The company battles to find quality deals in its South African home market.

At a time when South Africa wrestles with the impact of the double downgrades to junk and an operating environment fraught with political and economic uncertainty, Arrowhead Properties is betting on its diversification strategy to ride out local pressures.

Arrowhead, which owns a property portfolio worth R5.6 billion, managed to grow its dividend by 6% to 43.24 cents per share and revenue by R216 million to R959 million for the six months to March 31.

At work for the company’s resilence during increasingly uncertain times in South African is a diversified property portfolio spanning across the retail, office, industrial and residential industry, said Arrowhead’s CEO Mark Kaplan. “The company is well diversified with properties across the country. Although our peers have been investing offshore markets we are sticking by South Africa,” Kaplan told Moneyweb.

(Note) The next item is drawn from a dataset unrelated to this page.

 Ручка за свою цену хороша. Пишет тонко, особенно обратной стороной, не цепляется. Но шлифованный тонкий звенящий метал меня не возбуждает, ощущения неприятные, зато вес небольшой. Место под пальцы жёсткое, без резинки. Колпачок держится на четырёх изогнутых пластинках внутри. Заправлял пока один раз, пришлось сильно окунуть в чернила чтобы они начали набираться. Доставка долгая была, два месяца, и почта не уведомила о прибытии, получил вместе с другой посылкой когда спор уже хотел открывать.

The company achieved average rental escalations of 3% on lease renewals and vacancies increased from 7.8% to 10,8% largely due to Sasol vacating its building in Rosebank, Johannesburg.

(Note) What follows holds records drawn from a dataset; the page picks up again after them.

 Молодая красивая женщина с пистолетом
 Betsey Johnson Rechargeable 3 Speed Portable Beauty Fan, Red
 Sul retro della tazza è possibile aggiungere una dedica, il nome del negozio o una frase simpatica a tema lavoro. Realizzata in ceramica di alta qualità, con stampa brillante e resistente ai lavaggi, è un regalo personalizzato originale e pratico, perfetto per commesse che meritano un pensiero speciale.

Arrowhead, along with its peers on the JSE’s more than R850 billion real estate sector, has acquired stakes in listed property funds over the last four years. Arrowhead has acquired a 61.7% stake in residential-focused Indluplace Properties, 55% of Gemgrow Properties, 19.4% of retail-focused Rebosis Property Fund and 11.3% of Dipula Income Fund.

This has continued to bear fruit for the company as it secures it an additional income stream. The company’s substantial increase in revenue (by R216 million) was boosted by the conclusion of its acquisition (during the period under review) of a 55% stake in Gemgrow Properties, which owns a property portfolio of 129 retail, industrial and office properties valued at R4.3 billion.

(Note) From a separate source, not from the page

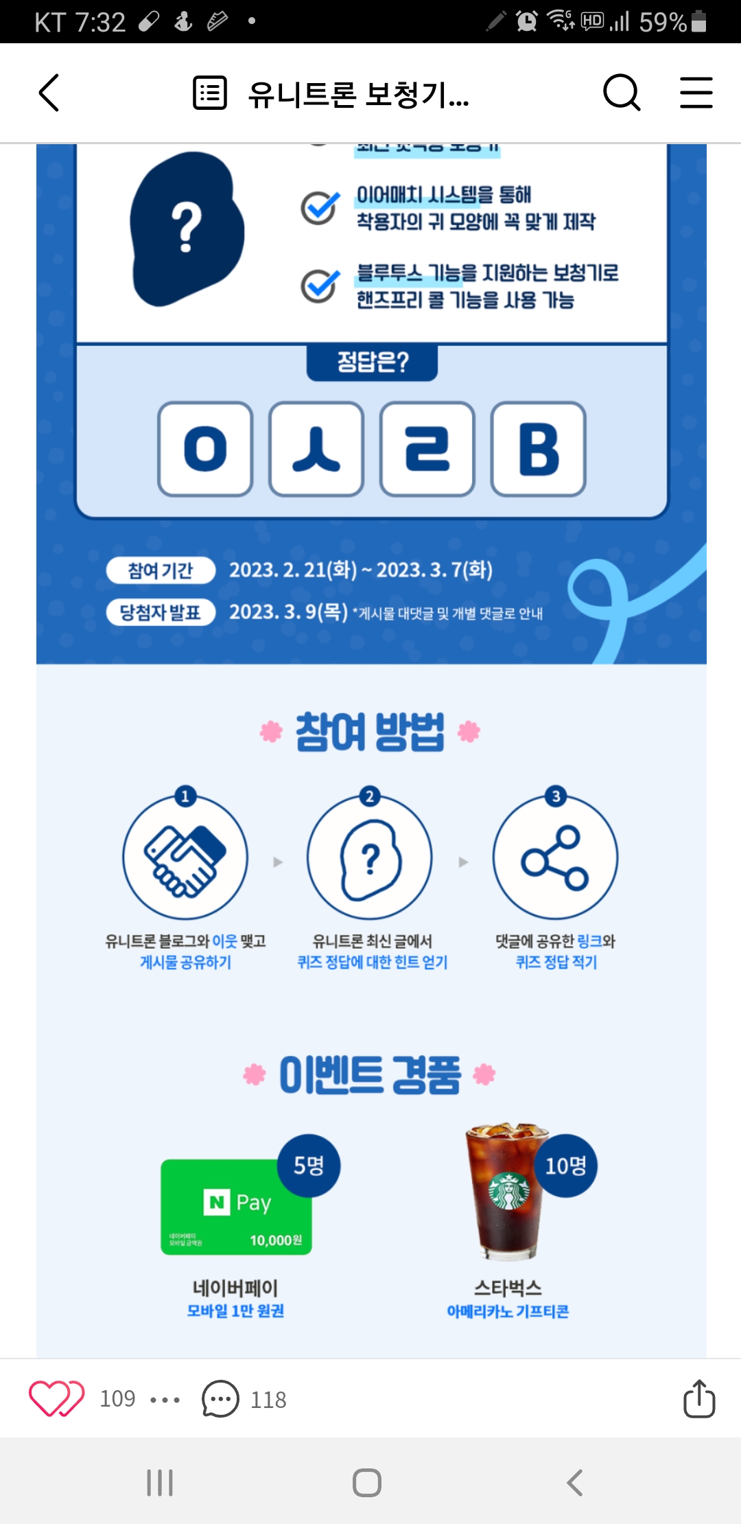 유니트론 퀴즈이벤트 (~3.7) 작성자난이언니|작성시간23.02.22|조회수172 목록 댓글 0 글자크기 작게가 글자크기 크게가 https://m.blog.naver.com/unitronhearing/223023033869 다음검색 현재 게시글 추가 기능 열기 북마크 공유하기 신고 센터로 신고 댓글 댓글 0 댓글쓰기 답글쓰기 댓글 리스트

Stalling Arrowhead’s ability to grow the size of its direct property portfolio is the lack of quality deal flow in the market. Much of its acquisitions recently have been stakes in companies and few direct properties.

Arrowhead’s CFO Imraan Suleman attributes the limited acquisition opportunities to the high pricing of assets by sellers. The volatility in financial markets seen after President Jacob Zuma abruptly fired former finance minister Nhlanhla Nene in 2015, known as Nenegate, resulted in the increase in borrowing costs and subsequently valuation on properties.

“However, the misalignment of pricing expectations between sellers and acquirers has recently narrowed, resulting in funding costs moving in a favourable direction,” said Suleman. 

The company now sees a potential acquisition pipeline for Arrowhead, Indluplace and Gemgrow. With a conservative gearing of 25%, this gives Arrowhead more runway to fund new deals, as its gearing was once 47% in 2011.